The Supreme Court decision may threaten preferences that minority-owned businesses have enjoyed in telecommunications.

Minority-owned firms, for instance, are given a boost through "qualitative enhancements" when competing against other applicants for an license from the Federal Communications Commission.

Similarly, minority companies benefit from a 25 percent discount on the prices they bid for potentially lucrative wireless frequencies during auctions conducted by the FCC.

Those firms that were successful bidders were also given an extended and more favorable interest rate for paying for the frequencies.

FCC Chairman Reed E. Hundt said in a speech yesterday that the next auction of frequencies would proceed as scheduled in August, but the deadline for applying would be extended to give bidders time to "digest" the court decision.

"Certainly the decision has substantial significance for our country's policies aimed at extending the benefits of the communications revolution to all Americans," he said.

Affirmative action requirements are laced throughout government.
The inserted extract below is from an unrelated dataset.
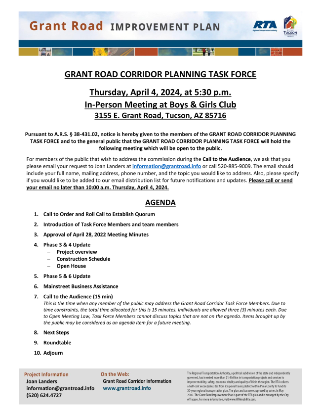 Jefferson Park, please note! Grant Road Phase 5/6 involves the JP area from Mountain Ave. to Santa Rita on the south side and all the way to Campbell on the north side. See item #5. Will we still get the promised green space? This is an important meeting; we need to stay informed. | |

Some are more carrot than stick.

The Department of Housing and Urban Development, for example, "encourages" recipients of its grants to use banks owned by women or minorities.

The Federal Aviation Administration requires that airport operators who get federal funds set aside at least 10 percent of contracts for "consumer services to the public" for firms owned by a "socially and economically disadvantaged individual."

FAA spokesman Jeff Thal said it is too soon to say whether the court ruling will affect that program. "The way the decision is applied may have implications on the way we do business," he said. "Our lawyers are still evaluating the case."

Difficult to meet

Reginald Wilson, a scholar with the American Council on Education in Washington, said the court has established a standard that will be very hard to meet.

It's unclear, for example, whether the $9 million the National Science Foundation spends on minority students in the sciences would meet the court's new standard.

Such programs have grown in recent years as universities try to increase the number of women and minority students in disciplines such as engineering or physics.

"I think most of the programs will have to be regrouped or very carefully supported with data showing that it is a remedy that meets a particular need, and the recipients of that remedy have some sort of basis for receiving it," Mr. Wilson said.

Though the ruling affects only government programs, many minority business executives fear that private corporations will take it as a signal to drop their own affirmative action programs, said John F. Robinson, president of the National Minority Business Council in New York.

"This can have a far-reaching effect if the [Clinton] administration doesn't come out and make a firm statement on this," he said. "These programs need to be in place, and whatever it takes to reinforce them needs to be done before there is any erosion in these programs."